SoCal is now a mosquito zone. Here’s how to defend yourself

Summer is here and so are the mosquitoes in your backyard, waiting to gnaw at your ankles. And elbows. And earlobes.

Not coincidentally, the start of the season is also National Mosquito Control Awareness Week, when the American Mosquito Control Foundation. and other experts share tips for stopping these blood-sucking pests.

Like most blood-sucking insects, mosquitoes are attracted to humans from afar by the carbon dioxide we exhale, said Daniel Markowski, technical advisor to the AMCA. As they approach, they use a variety of cues, such as shape, size, and color, to master their host.

The Times asked experts how to repel leeches, what to do when bitten by leeches, and why some people attract mosquitoes more than others. Here’s what they said.

Bug attraction

According to the AMCA, there are 30 types of mosquitoes in the United States. Despite their differences – for example, some feed during the day and others at night – they share a common water-dependent life cycle.

We’re all familiar with the sight of adult female mosquitoes buzzing in our ears and biting our arms, says Markowski. “But after biting and developing a clutch of eggs, the female mosquito needs a place with or near standing water to lay her eggs,” he said.

Standing water left alone for at least seven days is a magnet for mosquitoes. Typical locations include birdbaths, old tires, and clogged drains.

Greater Los Angeles County Vector County lists a number of backyards and home appliances that can stealthily collect standing water, such as portable basketball hoops, outdoor grills without roofs, potted plants, and flowerpots .

“Because mosquito larvae feed on rotting organic matter and other microorganisms, the water must be stagnant and contain some organic matter such as leaves, soil or grass to support mosquito growth,” says Markowski.

You can get rid of these spawning areas by draining or pouring water, then blocking more from collecting there – for example, by turning a bucket upside down or covering a grill. Do this at least once a week.

The other two main mosquito attractants are bare skin and dark clothing. So when you’re enjoying the outdoors, wear long sleeves, long pants, and loose, light-colored clothing.

“Dark colors are not recommended in the habitat of the main inclined animals because they stand out more, especially in terms of background and contrast,” he said.

We also secrete other chemical cues, including breath odor, skin bacteria and other man-made fragrances, says Markowski.

“We are all different, and these different combinations are more or less attractive to different species of mosquitoes,” says Markowski.

He said some studies have shown that certain blood types may be particularly attractive to certain species of mosquitoes. “I surmise that the combination above, along with blood type, is really what makes one person more attractive to mosquitoes than others,” he said.

Your diet can also play a role in whether or not you snack.
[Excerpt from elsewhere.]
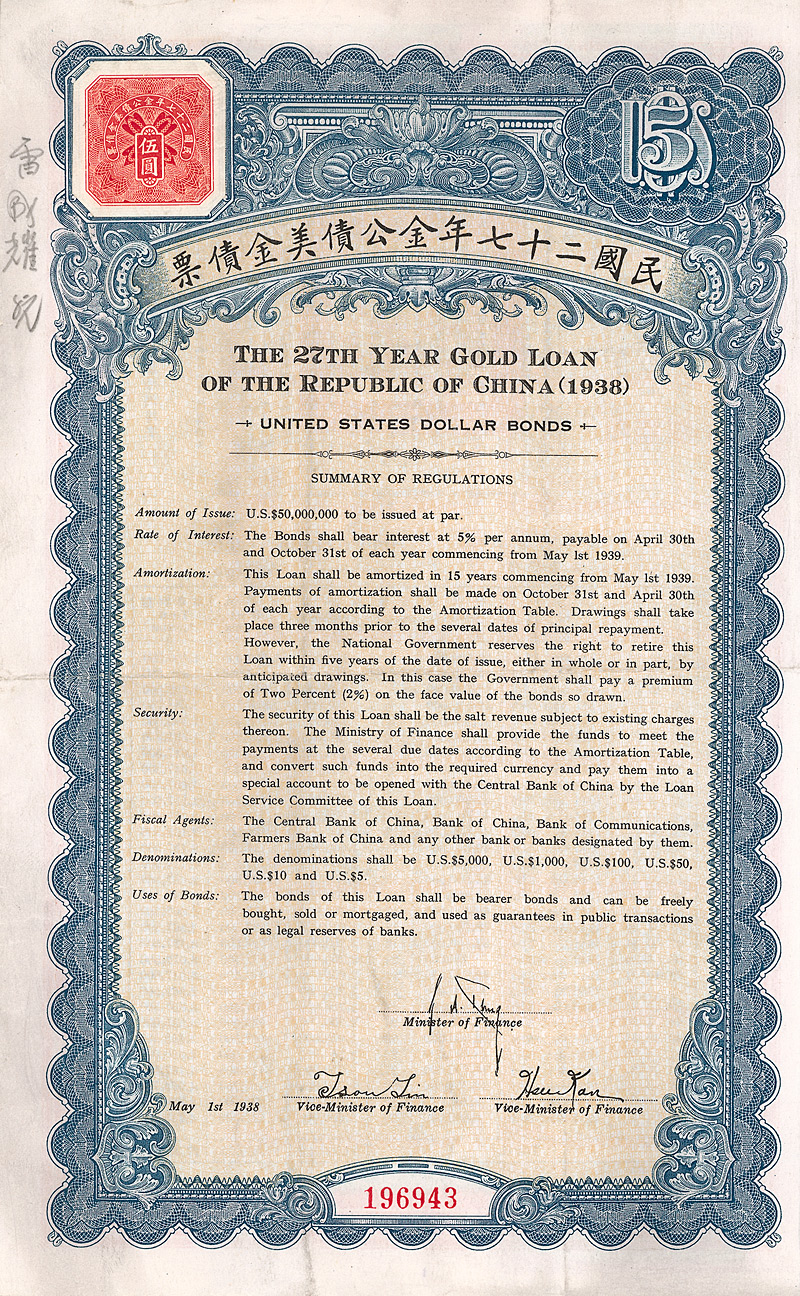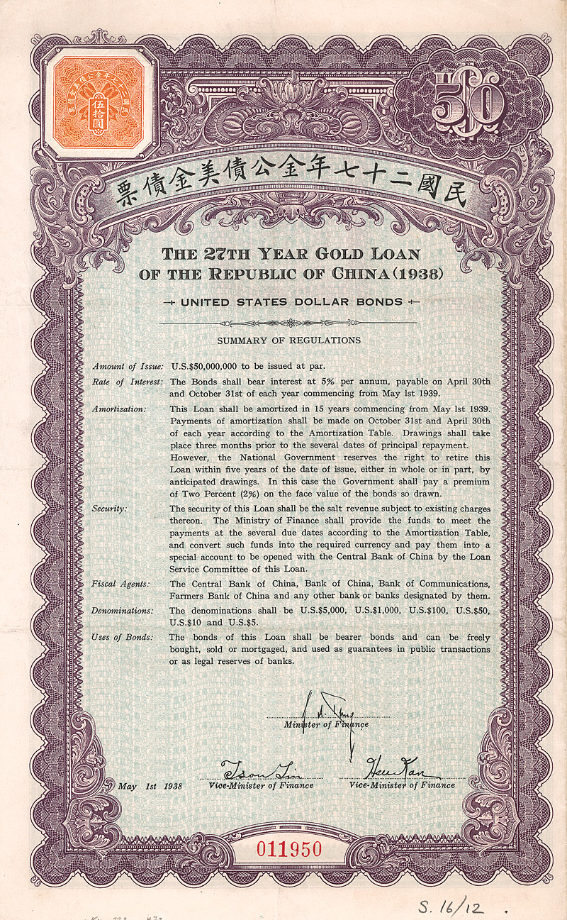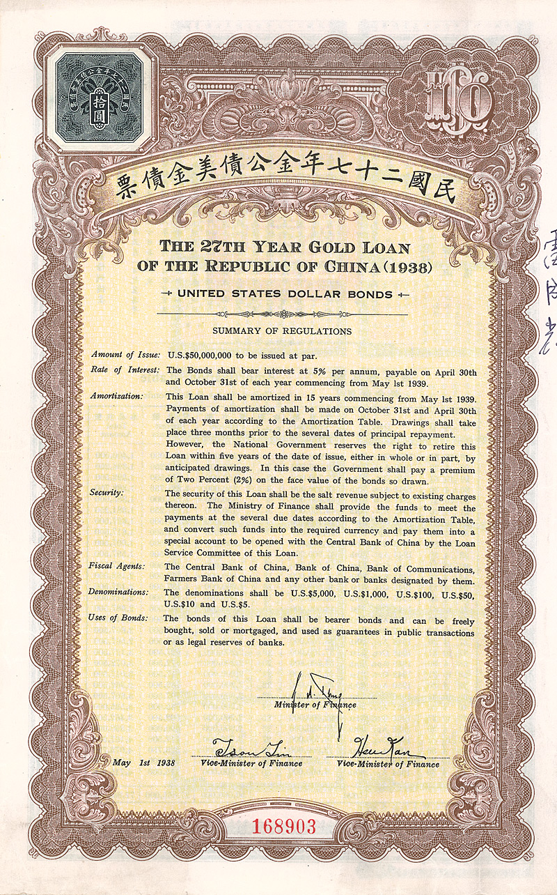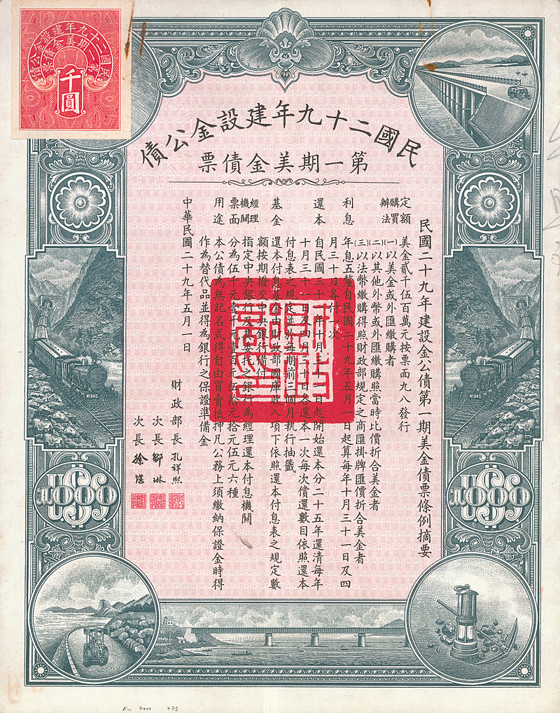 5 % Bond 1000 US-$, Nr. 3635 1.5.1940 Erhaltung: VF+ Gesamtanleihe über 25 Mio. US-$. Anleihentext vorderseitig in chinesisch, rückseitig in englisch. Die hochdekorative graphische Gestaltung bringt den Anleihenzweck zum Ausdruck: Ausbau der Verkehrswege des Landes durch Eisenbahn-, Strassen- und Brückenbau. Links oben aufgeklebte Steuermarke. Maße: 23,2 x 18,4 cm. Mit anh. restlichen Kupons 15-54. Nicht entwertet! Nr. 167 Schätzpreis: 80,00 EUR Startpreis: 30,00 EUR

Consumption of foods such as bananas, avocados and grapes has shown that some mosquito species enhance host-seeking, but Markowski speculates that an individual’s metabolism is a larger factor than that of foods. specific food to be eaten.

Buzz off

Vector County Greater Los Angeles County says one thing to do to prevent mosquito bites is to apply an insect repellent with one of the following active ingredients: DEET, picaridin, IR3535 (trade name for ethyl butylacetylaminopropionate) or lemon eucalyptus oil.

For all products, you should treat a small area of ​​your body first to make sure you don’t have an allergic reaction before applying it on a large scale, says Markowski. Read the product label and follow all instructions for use.

The Centers for Disease Control and Prevention advise against spraying insect repellent under your clothes. It also suggests that if you are using sunscreen, apply sunscreen first and insect repellent second.

Meanwhile, the US Environmental Protection Agency has an online tool to help you figure out which repellent is best for you.

An alternative to chemical-based sprays or creams are those with plant-based ingredients like lemongrass, lavender, and mint. These ingredients are less effective than their synthetic counterparts, says Markowski, and they can work for you if mosquitoes don’t find you strongly attractive.

You can also try to make the outdoor area where you can hang out mosquito-free by setting up a few tiki torches or other mosquito repellent diffusers. But the effectiveness of a diffuser can vary by species of mosquito. Try one at a time until you find the approach that works best for you.

Certain plants can also provide some level of protection to your yard. These include lemongrass and some other varieties of geranium, marigold, lemongrass, catnip, some mints, lavender, and lantana. There are also popular aromatic herbs with limited mosquito repellency, such as rosemary, garlic, basil, thyme, and dill. No, you don’t have to wear garlic around your neck.

If a mosquito tries to bite you despite all these precautions, don’t scratch! Markowski says scratching can cause a secondary infection and prolong the duration of the irritation. In severe cases, people can scar themselves.

Usually you just need to use an anti-itch cream to relieve the discomfort. If you’re very allergic to mosquitoes, he says, you may need a cream containing Benadryl or a similar antihistamine.